# Steam wand dripping



## Hindsight (Jan 7, 2015)

Hi all,

The steam wand on my Gaggia Classic started to slowly drip at the weekend. The machine is lightly used and is only 7 months old, no mods / completely standard. Looking on the forum I read it could be caused by over tightening the steam knob but I don't believe I've ever done that. So...

Is there any other cause? The machine was turned on and had been on for about an hour and a half when it began to drip, but hadn't been used for about 20 mins.

Is there any routine maintenance that I can do which might stop the drop?

I presume the machine is under warranty so is this something I should send it back for or just live with? It's been a while since I de-scaled it but I only ever use soft spring water (I live in a really hard water area) so there should be minimal limescale. I've not back-flushed the machine as I read it was not advisable on the more modern Classics (I got mine new in December 2014).

Any tips appreciated.


----------



## El carajillo (Mar 16, 2013)

The usual cause for the dripping is wear on the needle valve or its seat (tapered point sitting in corresponding recess) . The brass on these is relatively soft so over tightening is the usual cause but can be exacerbated if particles of scale settle in the seat area and grind into the metal as the valve is closed. There is no fix other than to replace the steam valve (app £35 )

You could enquire about warranty but I would not hold out much hope.

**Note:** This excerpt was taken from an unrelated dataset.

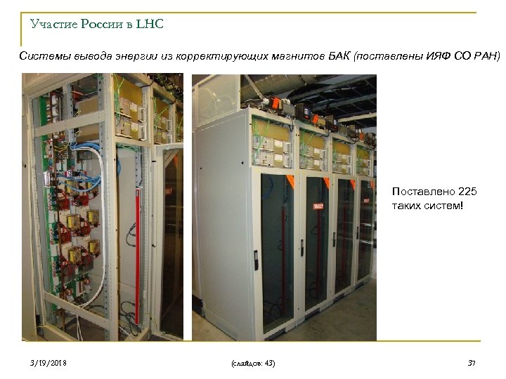 Участие России в LHC Энергия, запасенная во всей магнитной системе, составляет порядка 10 ГДж (более 1 ГДж в одном секторе), а максимальный ток варьируется от сотен ампер в цепи корректирующих магнитов до 13 к. А в цепи основных магнитов. Большинство сверхпроводящих магнитов коллайдера LHC требуют защиты в случае перехода проводника в резистивное состояние (срыв сверхпроводимости). При этом основным элементом защиты является система вывода энергии из сверхпроводящих магнитов. Системы вывода энергии из основных магнитов БАК (поставлены ИФВЭ и ИЯФ СО РАН) 3/19/2018 (слайдов: 43) 36

When you mention spring water have you checked the PH =acidic level ?


----------



## Hindsight (Jan 7, 2015)

Working from home today (tube strike) and funnily enough no drips or anything. So I'm hoping it was a one off (user error) , e.g. the steam knob left fractionally open at the weekend. Interesting point about PH level I'm mostly using highland spring, occassional tesco ashbeck. Does anyone know if either of those are a concern?


----------



## El carajillo (Mar 16, 2013)

Many members use Ashbeck successfully , unsure about the Highland spring, check label for constituents and compare with Ashbeck. Also see Xpenno'S write up on water / filters in back post's.


----------



## gaggiamanualservice.com (Dec 22, 2009)

must be careful with mineral water as the minerals coat the boiler and cause major issues later on, use filtered when you can


----------



## Hindsight (Jan 7, 2015)

Thanks Mark. That's interesting I thought I was doing the machine a favour using spring water! So regular brita filters are a better option, even in really hard water waters?


----------



## gnownad (Apr 24, 2012)

My Gaggia Classic has been dripping from the wand when I pre-heat - but I've never really sought out a solution till now! I'm going to have a little look, thanks for the tip @El carajillo!


----------



## gaggiamanualservice.com (Dec 22, 2009)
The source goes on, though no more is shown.